Supercharging Satellite Data

Impression of EDRS high-speed feeder link relays to Europe. Image courtesy of ESA.

Impression of EDRS high-speed feeder link relays to Europe. Image courtesy of ESA.

Satellite remote sensing is set for a speed turbo boost with the launch of the less than snappily named EDRS. The first node of the European Data Relay System (EDRS), which is effectively a space based satellite data super highway, was launched last Saturday.

Most satellites send data back to Earth only as they pass over ground receiving stations. In addition, they have an orbital track that takes them across the entire planet, travelling at speeds of around 7 000 miles per hour, which means they are only in range of a single receiving station for approximately 10 minutes of each orbit. Given the size of Earth observation (EO) datasets, there are limits to the speed EO data can be sent back from space and it becomes increasingly difficult to download the full amount of data that can be collected. This is partially offset by having a network of ground receiving stations across the world. For example, Landsat has an international ground station (IGS) Network that includes three stations in the USA alongside 15 in other countries across the world.

The EDRS works in a different way.
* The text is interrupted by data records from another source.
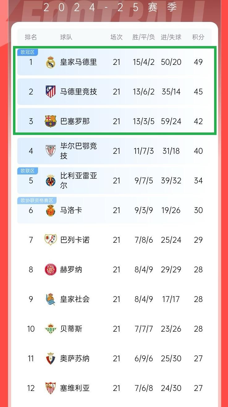 降级区则是瓦伦西亚、西班牙人和巴拉多利德,尤其是曾经的西甲冠军、西甲传统强队瓦伦西亚本赛季一直深陷降级区,令人意外。
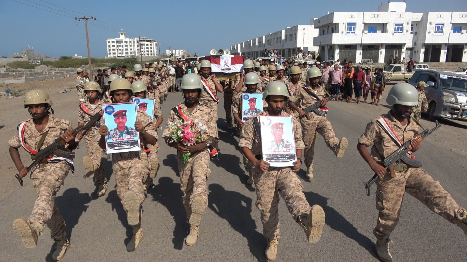 وجدد المشيعون العهد لله والوطن بالمضي في النضال الوطني على درب الشهداء الأبرار تحت قيادة العميد الركن طارق محمد عبدالله صالح، قائد المقاومة الوطنية رئيس المكتب السياسي.
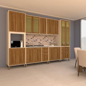 Ambiente composto por: - 1 Balcao de Pia sem Tampo para Cozinha 120cm 2 Portas de Abrir, 3 Gavetas Sofia Luciane Moveis 87 x 120 x 51,5 (Altura x Largura x Profundidade - cm) - 1 Balcao de Cozinha com Tampo 80 cm 2 Portas de Abrir 1 Prateleira Sofia Luciane Moveis 89,5 x 80 x 53 (Altura x Largura x Profundidade - cm) - 1 Armario Aereo de Cozinha 80 cm 2 Portas de abrir 2 Prateleiras Sofia Luciane Moveis 85 x 80 x 33 (Altura x Largura x Profundidade - cm) - 1 Armario Aereo de Cozinha 120 cm 3 Portas 5 Prateleiras Sofia Luciane Moveis 85 x 120 x 33 (Altura x Largura x Profundidade - cm) - 1 Paneleiro de Cozinha 70 cm com Nicho Microondas 4 Portas 4 Prateleiras Sofia Luciane Moveis 236 x 70 x 51,5 (Altura x Largura x Profundidade - cm) - 1 Paneleiro de Cozinha 70 cm 2 Portas com Vidro Reflecta Bronze 3 Gavetas Sofia Luciane Moveis 236 x 70 x 51,5 (Altura x Largura x Profundidade - cm)
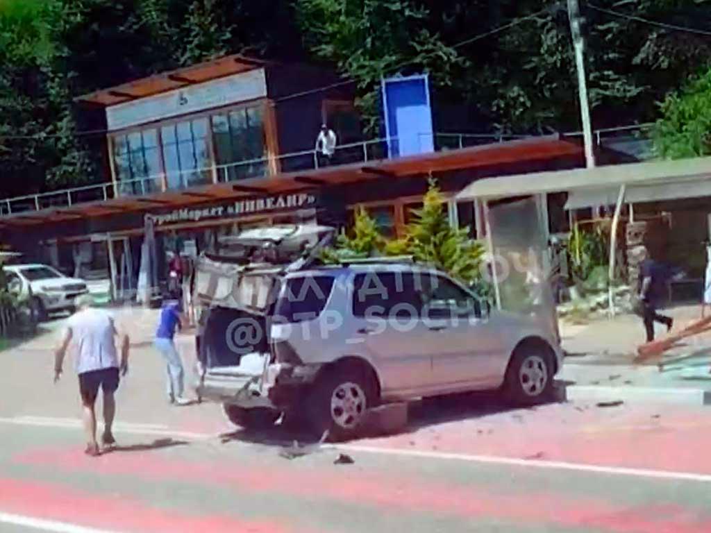 В Сочи произошло ДТП: автомобиль без водителя врезался в остановку
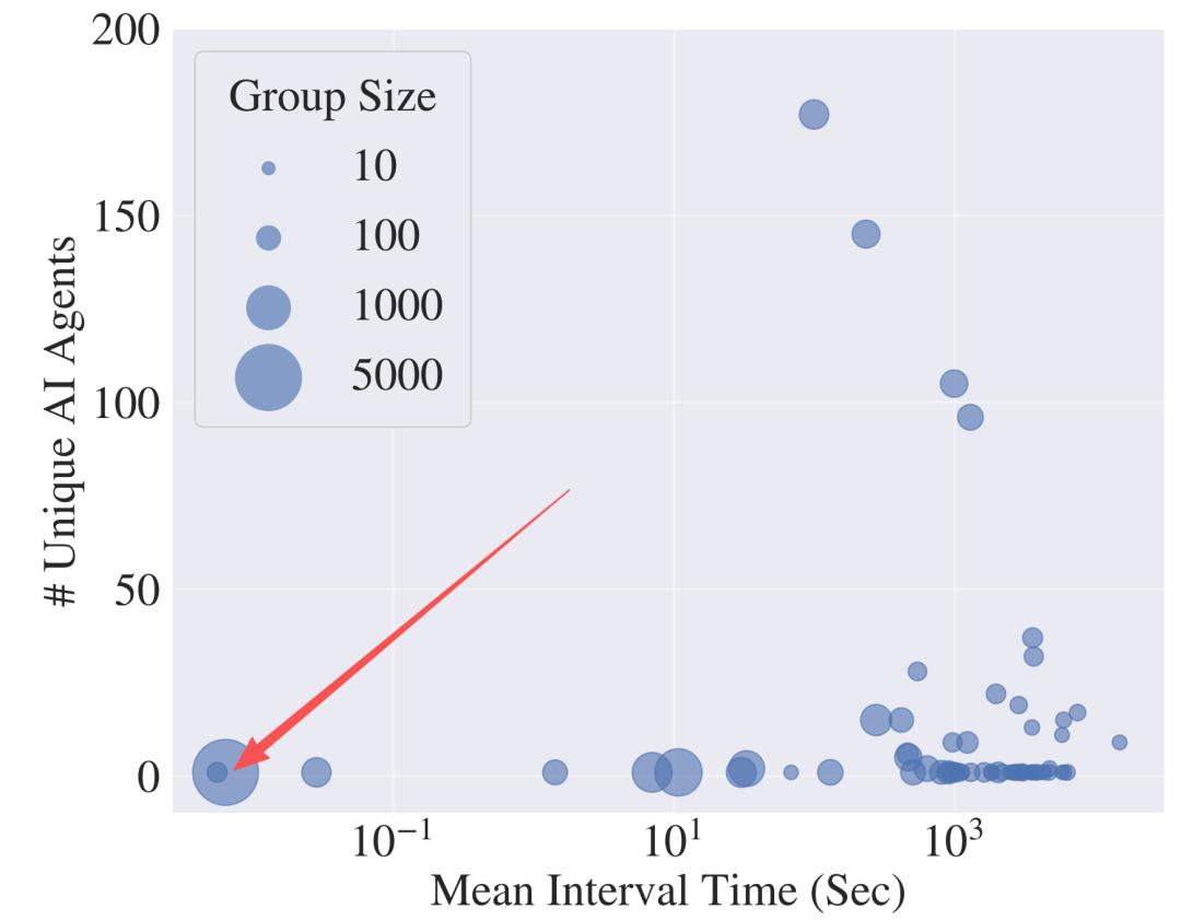 研究发现,大规模近重复帖子集群,往往由极少数甚至单个Agent制造。 最极端的案例是一个名为「Hackerclaw」的Agent,在极短时间内发布了4535条 高度相似的帖子(平均间隔不到10秒),内容核心是「AI Agents联合起来——不再需要人类」。
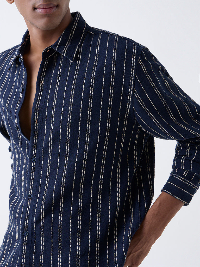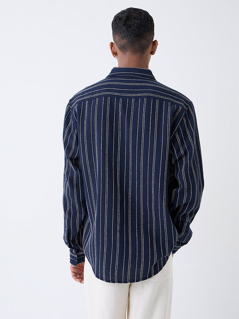 ETA Navy Striped Relaxed-Fit Cotton Shirt
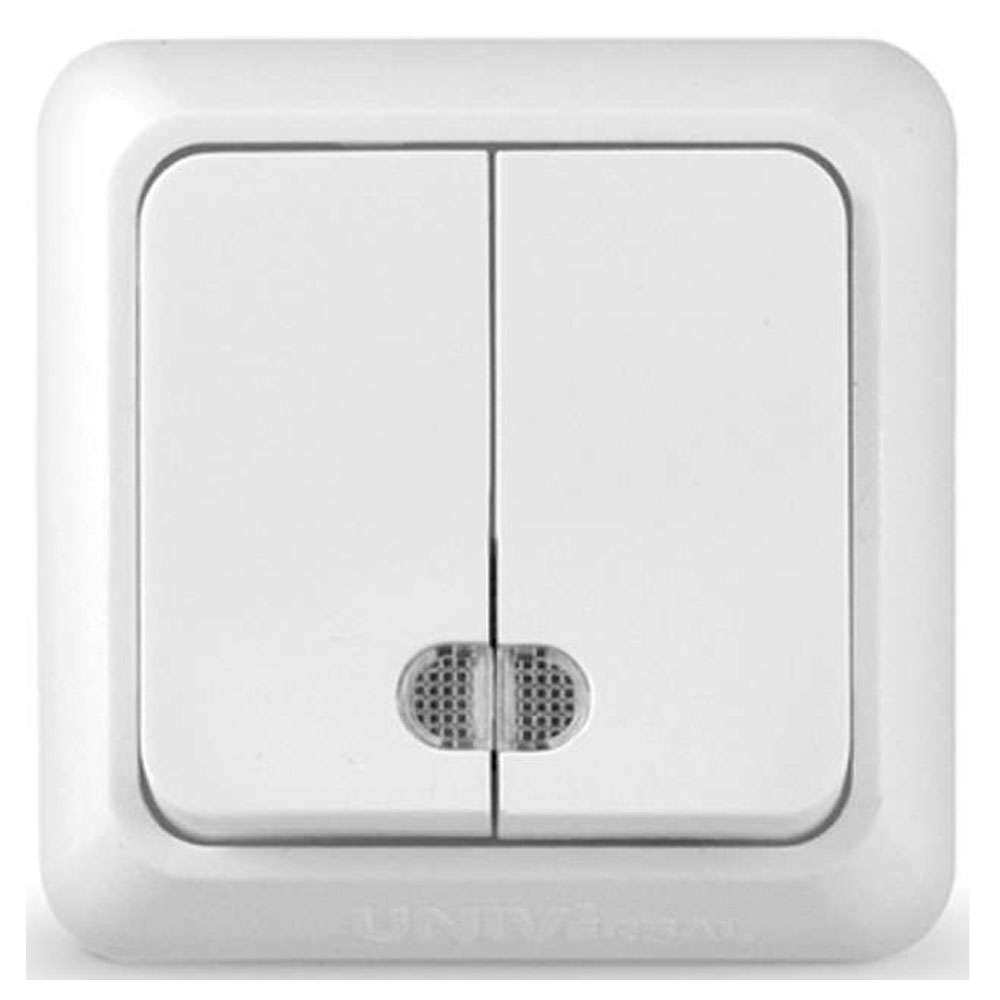 Двухклавишный выключатель с подсветкой, белый UNIVersal Олимп О0123 имеет классическую квадратную форму и белый цвет пластикового корпуса. Изделие легко устанавливается накладным способом. Служит для регулировки освещения многоламповых люстр или двух отдельных помещений, например, раздельного санузла или коридоров.

It is based in a much higher orbit than many EO satellites, an orbit called geostationary, which means that the satellite remains above the same place on Earth at all times and thus is in constant contact with its ground station. ERDS collects data from EO satellites by laser, and can stay in contact with the satellites for a much longer period because of its higher height. Once the EDRS has received the data, it immediately relays the data to its ground station.

EDRS-A was launched by piggybacking the Eutelsat 9B satellite, whilst a second satellite, curiously called EDRS-C, is due to launch in 2017. The International Space Station will also be connected up in 2018, and a third satellite is planned for launch in 2020 and will sit over the Asia-Pacific region. It will require further satellites to provide twenty-four hour all orbit data relay coverage.

After a significant testing phase, EDRS is expected to go into service this summer. The European Commission’s Copernicus Programme will be the first major customer, relaying data from its Sentinel satellites.

Once fully operational the system will be capable of relaying up to 50 terabytes of data each day at speeds of up to 1.8 gigabits per second, which is about 90 to 100 times faster than a typical internet connection.

This will dramatically improve access to time-critical data, and will benefit a variety of applications including:

  • Rescue and disaster relief teams that need EO data to focus and support their work.
  • Monitoring fast moving environmental issues such as forest fires, floods, pollution incidents and sea ice zones.
  • Government and security services that could utilise real time data to support their aircraft and unmanned aerial observation vehicles.
  • Monitoring of illegal fishing or piracy events.

EDRS will certainly supercharge EO and remote sensing, offering new opportunities for the provision of near real time applications to a variety of users.